Problem requirements: Word for word, please restate each record and pass over the pictures.

(Records contained in a dataset)
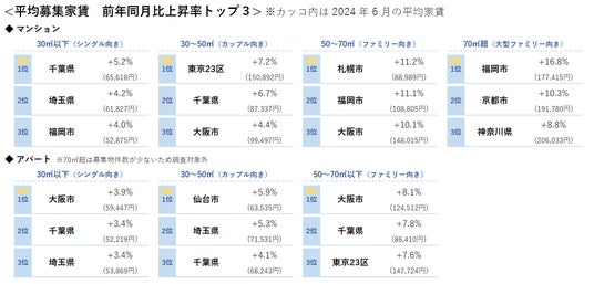 <2024年6月 全国主要都市における賃貸マンション・アパートの平均家賃(面積帯別)>
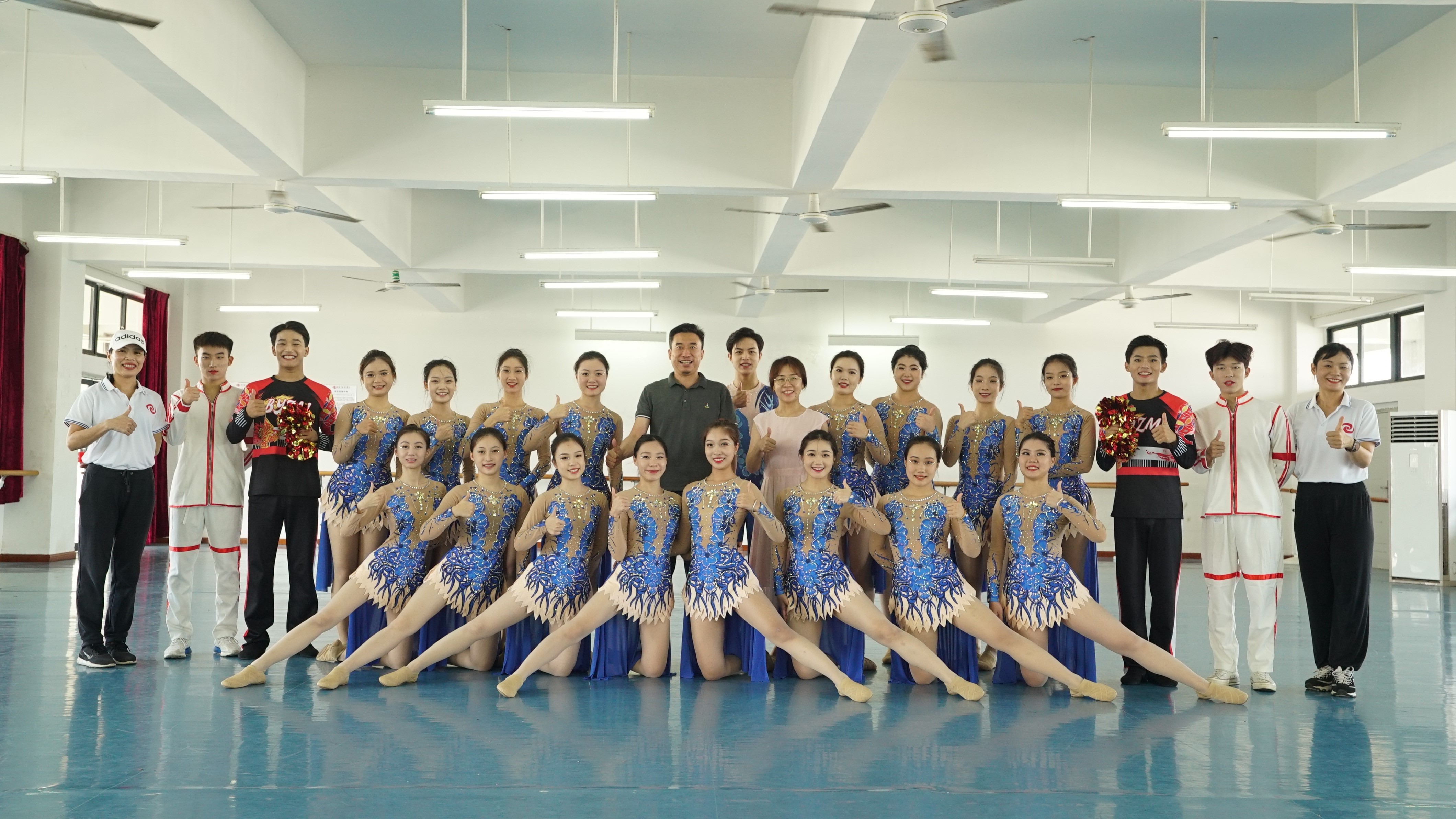 校啦啦操队自组建以来,得到了学校、学院的大力支持。比赛视频录制当天,学校副校长陶立阳、体育部部长杨莹亲临现场为同学们加油、打气,希望同学们发扬顽强拼搏的精神,在比赛中展示出北艺学子积极向上、青春飞扬的风采!
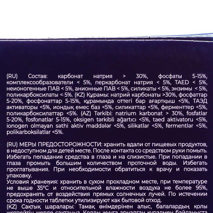 Состав: 5% кислородосодержащий отбеливатель, активатор таед, 5% неионогенные пав, фосфаты 5-15%, фосфонаты, силикаты, энзимы, поликарбоксилаты, ароматизатор, лимонен.
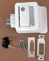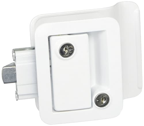 This "Trimark style" door lock in white is made by Fastec Industrial Corp. and has a built-in deadbolt and provides that extra sense of security for your trailer.
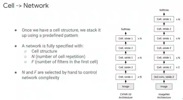 从 Cell 到 Network 的过程,如右图所示,就是有了一个 Cell structure 后,组建整个 Network,整个过程借鉴了 ResNet 的设计。
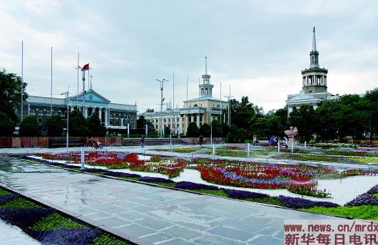 这是6月9日在吉尔吉斯斯坦首都比什凯克拍摄的街景。
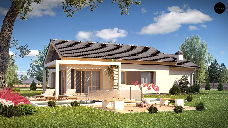 Z259 to propozycja wspaniałego domu parterowego z dwuspadowym dachem i garażem jednostanowieskowym. Wspaniale wkomponuje się w każdą, nawet niewielką działkę. Jasne barwy ścian doskonale współgrają z drewnianymi elementami elewacji i brązową dachówką.
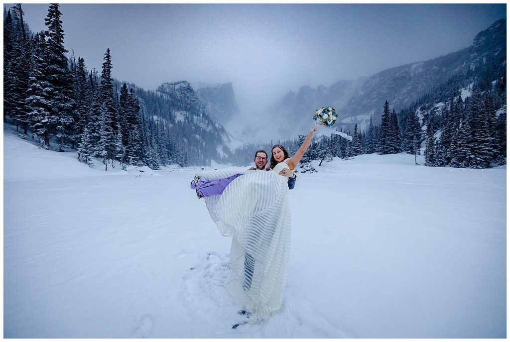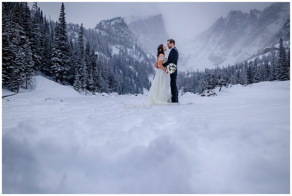 Michelle and Scott | Dream Lake Winter Day After Wedding Portraits
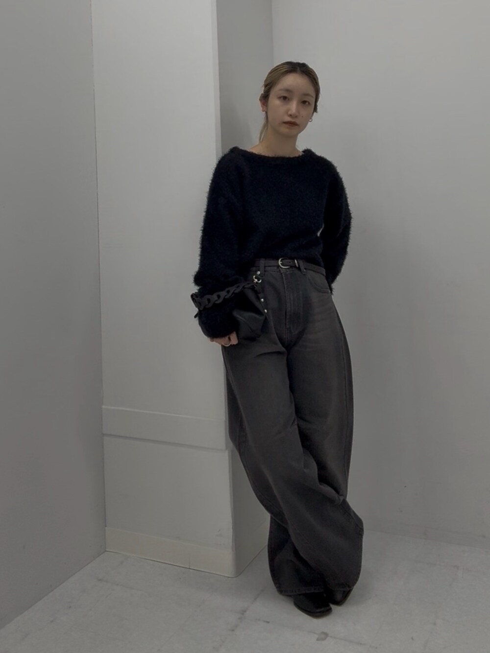 今季気になるシャギーニットを取り入れたコーデ。 毛足が長くレディな要素が強いアイテムなので、あえてカジュアルなデニムと合わせてみました。 ニットの丈が短めなので、この上からロングコートを合わせていただくとバランスがとりやすいです🤲
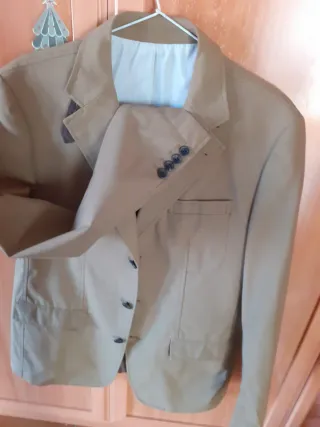 Traje de chaqueta pantalón y americana. Marca Easy Wear de El Corte Inglés. Comprado en 2025, utilizado una vez y llevado a la limpieza. Es ideal para chicos altos y delgaditos Chaqueta talla 46. Pantalón talla 40. Slim fit. Modelo actual que siguen vendiendo. Sienta genial. Largo pantalón 103 cm. Largo chaqueta 75 cm. Ancho hombros chaqueta 45 cm. En Corte Inglés el pantalón vale 49,99€ y la chaqueta 119€
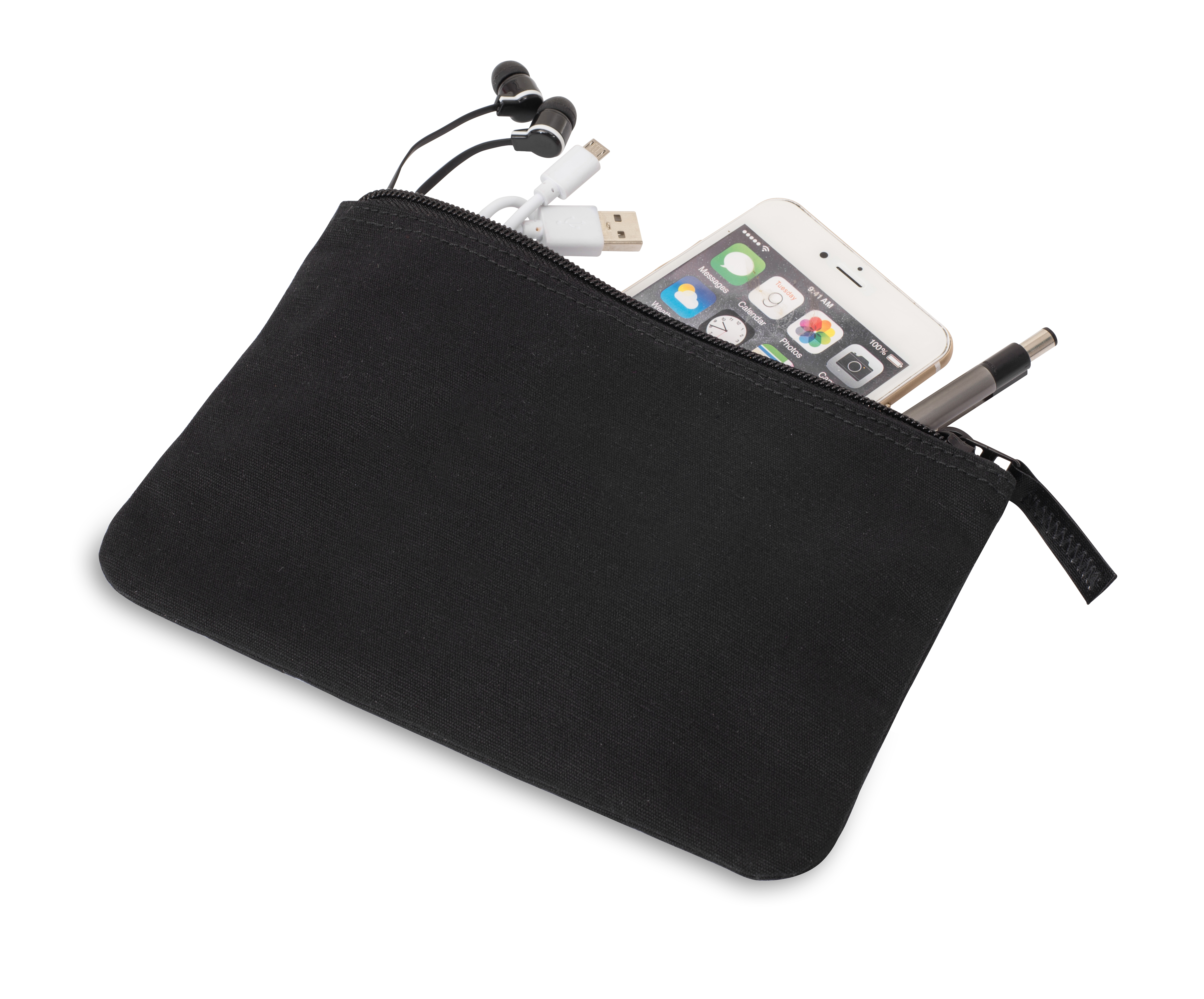Top zippered closure secures contents and interior pocket divider for additional organization
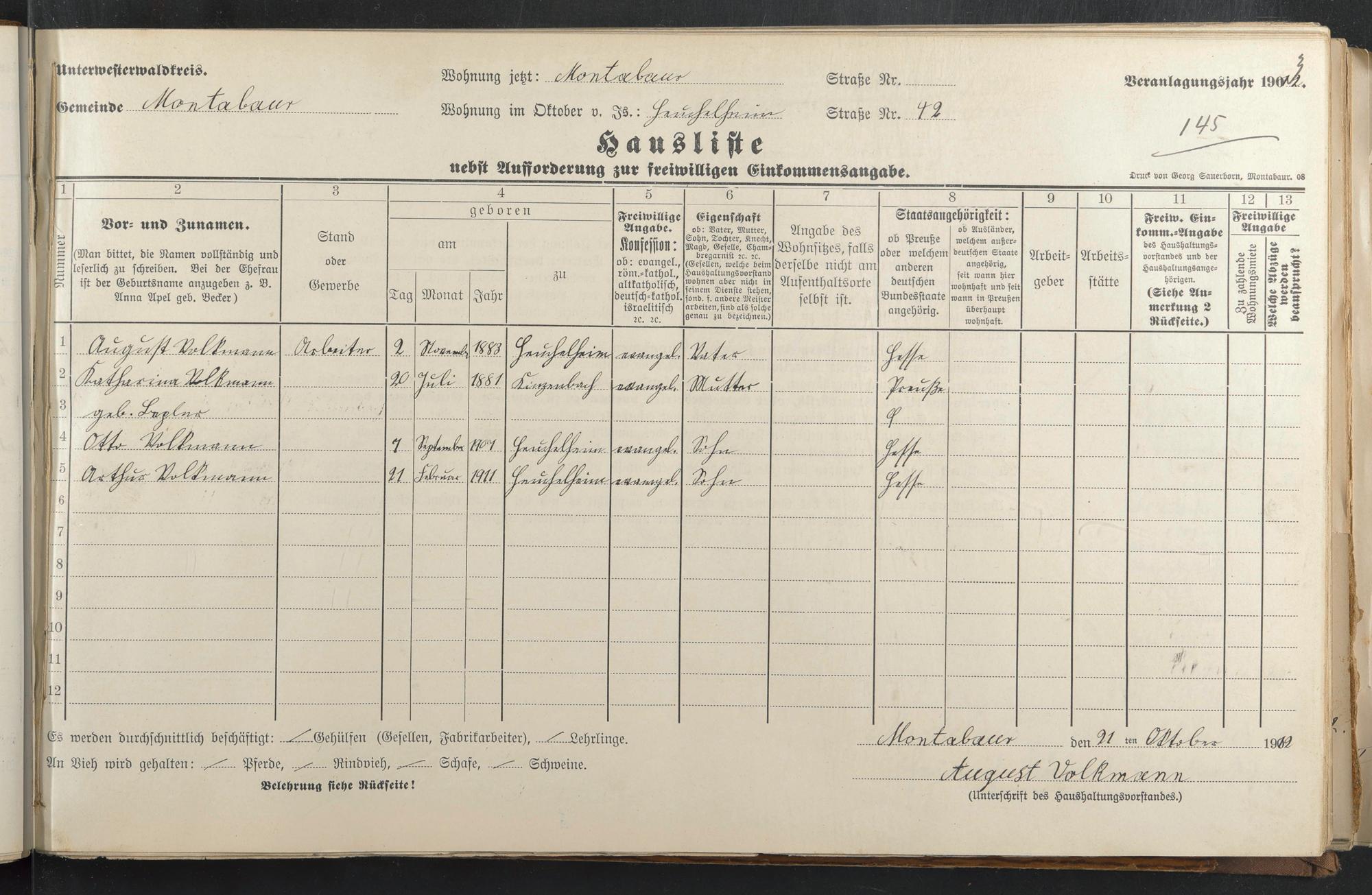 Haushaltsliste 1912 & 1913, Band I., Abt. 4 A 276
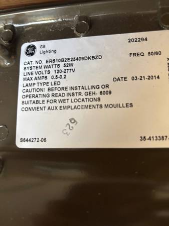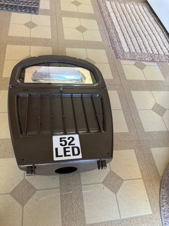 52 Watt LED Street Lamp Head. 175 Watt equivalent compared to conventional bulbs. Also, theoretically LED bulbs can last forever! Obviously outside factors will influence that but you can still expect several years of service, at about one third of the power usage. Because of the design and reflectors within this fixture you can expect nearly day light results. This was never installed, I believe it was used as a salesman’s sample. This would make an awesome driveway light, especially if you have a basketball hoop!, 120/277 volt. Needs mounting bracket and electrical connector Make me an offer.
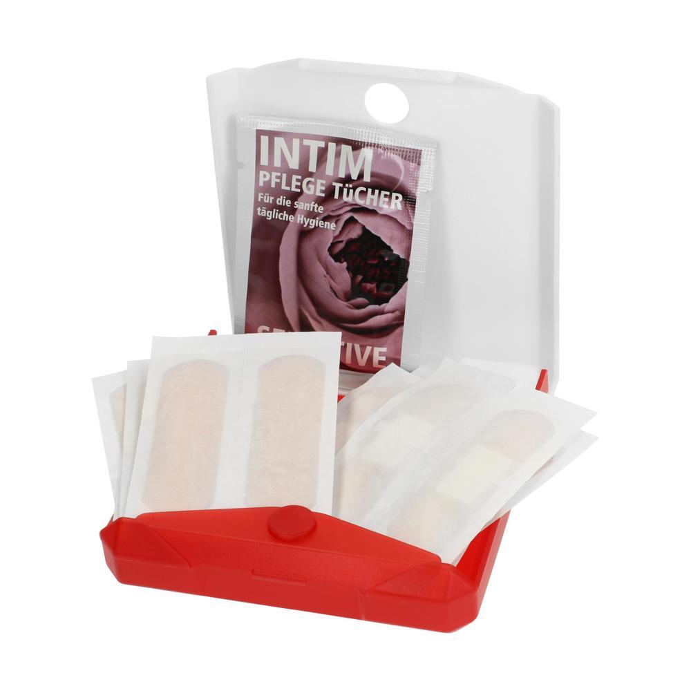 Elevate your brand visibility with this square, practical plastic box featuring a secure click fastener for effortless one-handed opening. Each box is filled with 10 handy sets, including 2 plasters and 1 hygienic wipe, making it perfect for on-the-go first aid needs.
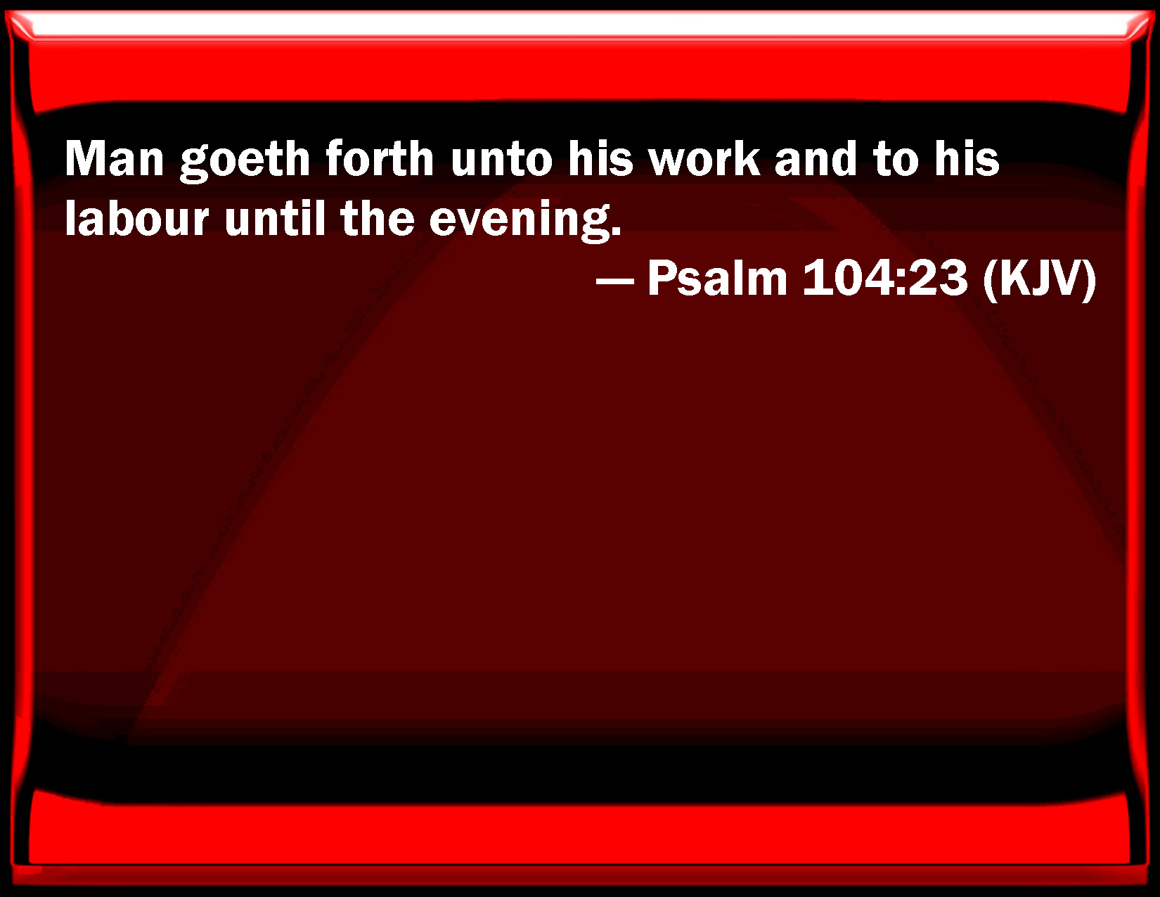 Psalm 104:23 Man goes forth to his work and to his labor until the evening.
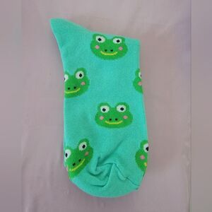 Cute green socks with frog pattern. Perfect for adding a fun touch to your outfit.
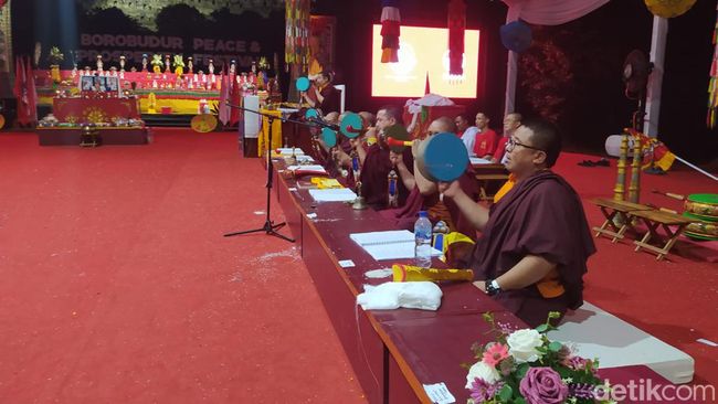 "Ada, ada (doa khusus Palestina). Itu, termasuk di dalam rangkaian Nyingma Monlam Chenmo Indonesia. Untuk perdamaian dan kesejahteraan seluruh dunia," kata Lama di Taman Aksobya Candi Borobudur, Senin (20/5/2024).

Result for this exercise:
 <2024年6月 全国主要都市における賃貸マンション・アパートの平均家賃(面積帯別)>
 校啦啦操队自组建以来,得到了学校、学院的大力支持。比赛视频录制当天,学校副校长陶立阳、体育部部长杨莹亲临现场为同学们加油、打气,希望同学们发扬顽强拼搏的精神,在比赛中展示出北艺学子积极向上、青春飞扬的风采!
 Состав: 5% кислородосодержащий отбеливатель, активатор таед, 5% неионогенные пав, фосфаты 5-15%, фосфонаты, силикаты, энзимы, поликарбоксилаты, ароматизатор, лимонен.
 This "Trimark style" door lock in white is made by Fastec Industrial Corp. and has a built-in deadbolt and provides that extra sense of security for your trailer.
 从 Cell 到 Network 的过程,如右图所示,就是有了一个 Cell structure 后,组建整个 Network,整个过程借鉴了 ResNet 的设计。
 这是6月9日在吉尔吉斯斯坦首都比什凯克拍摄的街景。
 Z259 to propozycja wspaniałego domu parterowego z dwuspadowym dachem i garażem jednostanowieskowym. Wspaniale wkomponuje się w każdą, nawet niewielką działkę. Jasne barwy ścian doskonale współgrają z drewnianymi elementami elewacji i brązową dachówką.
 Michelle and Scott | Dream Lake Winter Day After Wedding Portraits
 今季気になるシャギーニットを取り入れたコーデ。 毛足が長くレディな要素が強いアイテムなので、あえてカジュアルなデニムと合わせてみました。 ニットの丈が短めなので、この上からロングコートを合わせていただくとバランスがとりやすいです🤲
 Traje de chaqueta pantalón y americana. Marca Easy Wear de El Corte Inglés. Comprado en 2025, utilizado una vez y llevado a la limpieza. Es ideal para chicos altos y delgaditos Chaqueta talla 46. Pantalón talla 40. Slim fit. Modelo actual que siguen vendiendo. Sienta genial. Largo pantalón 103 cm. Largo chaqueta 75 cm. Ancho hombros chaqueta 45 cm. En Corte Inglés el pantalón vale 49,99€ y la chaqueta 119€
Top zippered closure secures contents and interior pocket divider for additional organization
 Haushaltsliste 1912 & 1913, Band I., Abt. 4 A 276
 52 Watt LED Street Lamp Head. 175 Watt equivalent compared to conventional bulbs. Also, theoretically LED bulbs can last forever! Obviously outside factors will influence that but you can still expect several years of service, at about one third of the power usage. Because of the design and reflectors within this fixture you can expect nearly day light results. This was never installed, I believe it was used as a salesman’s sample. This would make an awesome driveway light, especially if you have a basketball hoop!, 120/277 volt. Needs mounting bracket and electrical connector Make me an offer.
 Elevate your brand visibility with this square, practical plastic box featuring a secure click fastener for effortless one-handed opening. Each box is filled with 10 handy sets, including 2 plasters and 1 hygienic wipe, making it perfect for on-the-go first aid needs.
 Psalm 104:23 Man goes forth to his work and to his labor until the evening.
 Cute green socks with frog pattern. Perfect for adding a fun touch to your outfit.
 "Ada, ada (doa khusus Palestina). Itu, termasuk di dalam rangkaian Nyingma Monlam Chenmo Indonesia. Untuk perdamaian dan kesejahteraan seluruh dunia," kata Lama di Taman Aksobya Candi Borobudur, Senin (20/5/2024).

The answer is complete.